Pubblicato: 30/12/2025 09:47

Un pranzo di Natale poteva trasformarsi in tragedia per un uomo di 77 anni, salvato all’ultimo momento da un’équipe d’urgenza guidata dal dottor Alberto Brolese, direttore della Chirurgia generale 2 di Trento. Il paziente aveva mangiato troppe lenticchie, causando una situazione clinica estremamente grave destinata a entrare nella letteratura scientifica, e che riaccende l’attenzione sui rischi degli eccessi alimentari durante le festività.

Tutto ha avuto inizio quando l’uomo è arrivato in ospedale con una diagnosi drammatica: la sindrome di Boerhaave, una lacerazione spontanea e completa dell’esofago. «Lo sforzo del vomito, anziché espellere il cibo, ha causato la rottura interna riversando il contenuto gastrico nel torace», ha spiegato Brolese al Corriere della Sera.

La mortalità stimata in casi come questo raggiunge l’80%. Il chirurgo, che si trovava in vacanza con la famiglia ad Adria, ha interrotto tutto e si è messo in viaggio per raggiungere l’ospedale. Il percorso non è stato semplice: «Ho affrontato 20 chilometri di coda sulla A22, ho messo fuori dal finestrino il fazzoletto bianco e azionato le frecce, passando sulla corsia d’emergenza», ha raccontato.

Fermato dalla polizia, Brolese ha mostrato il tesserino e l’auto è stata scortata fino a Trento con sirene spiegate. L’intervento chirurgico, durato quattro ore, ha permesso la sutura dell’esofago e il paziente è stato dichiarato fuori pericolo. «Se scegli di fare il medico devi anteporre lo spirito di servizio a tutto il resto», ha commentato il chirurgo, veterano dei trapianti.

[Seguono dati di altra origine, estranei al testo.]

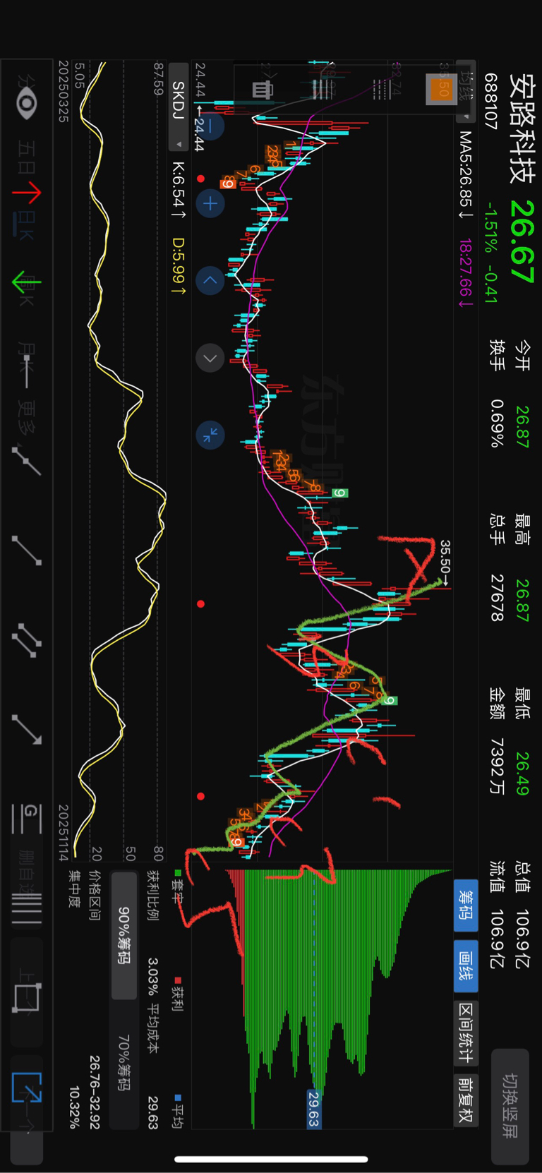 $安路科技(SH688107)$ 跌的真墨迹 ,我感觉还有一种可能性,不跌破24.44 走一个C子浪 然后大反包突破上去!KDJ 参数看已经底部了,我36日kd 长周期 见底了 !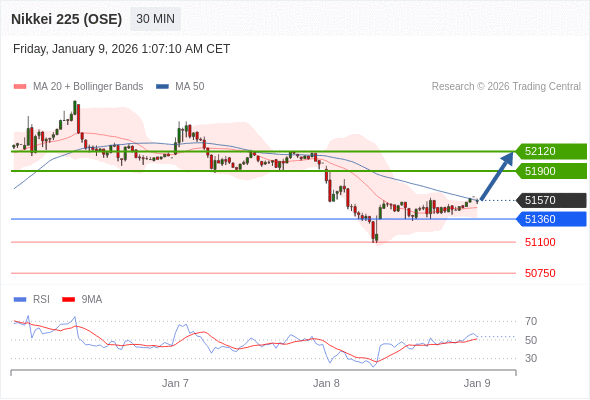 在 51360 之上,看涨,目标价位为 51900 ,然后为 52120 。

“Non sono state le lenticchie”

Secondo quanto chiarito dal professor Enrico Stefano Corazziari, gastroenterologo di chiara fama, è fondamentale discolpare le lenticchie dall’accusa di aver provocato direttamente il danno fisico. Il medico ha spiegato che la lesione non è stata causata dalle proprietà del legume, ma dalla pressione meccanica insopportabile generata da ripetuti e violenti conati di vomito. Questo fenomeno si verifica solitamente dopo abbuffate imponenti, dove l’eccessivo consumo di cibo, frequentemente accompagnato da un elevato apporto di alcol, mette sotto stress l’intero apparato digerente. In questo contesto, le lenticchie rappresentano solo l’ultimo alimento assunto prima del malore, ma il tragico esito si sarebbe verificato con qualunque altra pietanza ingerita in quantità eccessive.

La dinamica dell’incidente avvenuto durante il giorno di Natale descrive un quadro clinico di estrema urgenza. L’anziano, dopo il pasto abbondante, ha iniziato a manifestare sintomi gravi che hanno richiesto un intervento chirurgico di oltre quattro ore. Durante la sindrome di Boerhaave, la forza dei conati di vomito è tale da provocare una lacerazione completa della parete esofagea, permettendo al contenuto gastrico di fuoriuscire e penetrare all’interno del torace. Questo versamento di materiale estraneo nel mediastino scatena quasi immediatamente una grave infezione sistemica, portando a un rapido e pericoloso deterioramento delle funzioni vitali del paziente, che deve essere trattato tempestivamente in terapia intensiva per evitare esiti fatali.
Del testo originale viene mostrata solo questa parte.